For the Birds Radio Program: Mayday! Tragedy Strikes Nests

Original Air Date: May 1, 2009 Rerun Dates: May 2, 2011

A chipmunk ate all the eggs in the nest outside Laura’s apartment window, and a mink ate all the Canada Goose eggs in Sapsucker Woods this spring.

Duration: 4′47″

Transcript

Mayday! As I watch floods of migrants returning to Ithaca, setting up new territories as they deal with finding all the nooks and crannies in their new place, chasing off intruders, finding the best places to get food, figuring out security issues, and getting to know their new neighbors, I think about how appropriate it is that I’ve moved into a new apartment this week, and am making some of the same adjustments they are. Of course, we humans have it easier. Even in an idyllic little apartment complex tucked into a woodland area, there are huge threats facing individual birds that we people just don’t have to face.

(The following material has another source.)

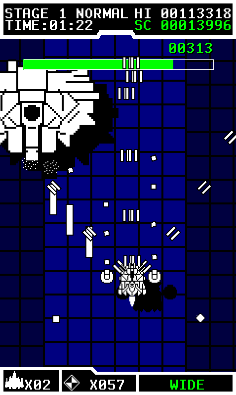 自分としては、どうすればシューティングゲームを作れるか試作したものでした。ボスを複数のパーツで構成して部位破壊を実現するとか、戦車の砲塔を回転させて自機を狙うにはどうすればいいか、とか。
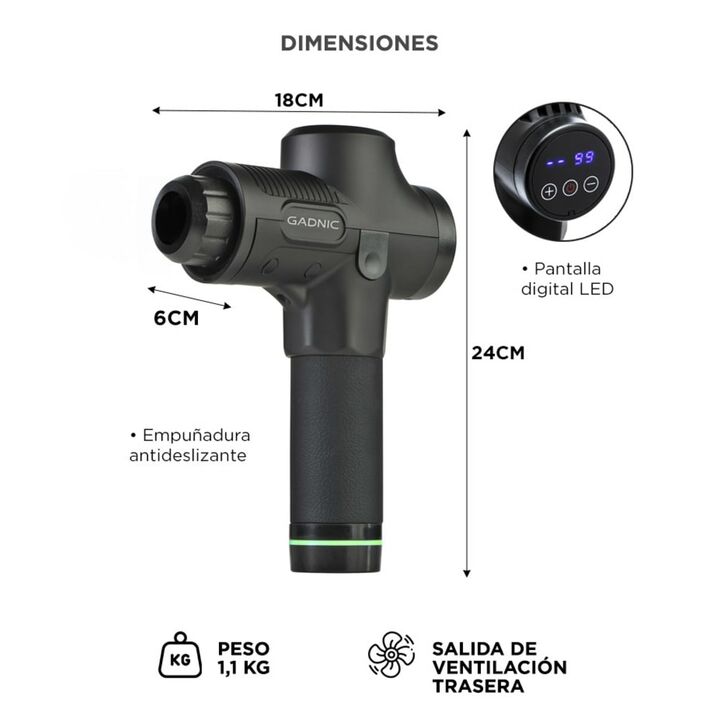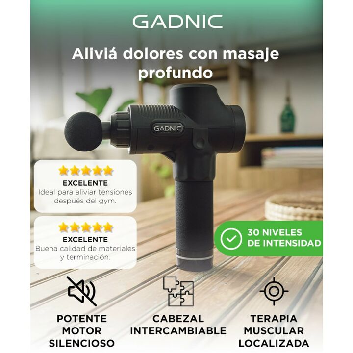 Esta Pistola Masajeadora Gadnic es ideal para la recuperación muscular luego de hacer deporte, rehabilitación después de una lesión deportiva o dolores musculares. Con sus 30 velocidades de masajes y 12 cabezales masajeadores podrás adaptarlo a cualquier parte del cuerpo. Ayuda a reducir la inflamac...

I found my first nest here on Wednesday morning—a robin’s nest with the female incubating just three or four feet from my bedroom window. While I was looking at it for the first time, I noticed some shaking in the branches just below, and watched an Eastern Chipmunk work its way up. The incubating robin sat tight, not moving a muscle—I didn’t even see her blink until the chipmunk was barely an inch from her face. Then the robin silently hopped out and flew away, and the chipmunk hopped into the nest and ate the eggs. I wondered why the robin didn’t hold her ground and fight, but chipmunks outweigh robins and are pretty persistent. She probably figured, logically or instinctively, that if the rodent didn’t take the eggs right now, it would come back, so she might as well cut her losses and start anew somewhere else. I was bummed out, as I’m sure she was, but there wasn’t much she could do about it so she just moved on. We often ridicule people with a sense of entitlement—which we seem to define as anyone who thinks they have a right to something without working for it. But when we do work for something, even if the work we did was pretty marginal, we’re outraged to lose it. Most people with 401-Ks lost a lot of money in the past year, but it makes as much sense and does as much good to complain about it as it would have for that robin to complain about the loss of her genuine nest eggs, along with her nest itself, since it’s unusable now that a chipmunk has discovered it. Complaining wouldn’t help—it wouldn’t bring back her eggs, wouldn’t punish the chipmunk, and would make it easier for a hawk to notice her and dispatch her to the same netherworld as her eggs. No, she will start a new nest and lay new eggs in a new place and hope for the best but always have a Plan B ready to begin the moment Plan A doesn’t pan out. Meanwhile, the chipmunk will raise her own babies, and hope for the best but be ready to move on to the next batch if a cat or weasel or lawn pesticides dispatch them.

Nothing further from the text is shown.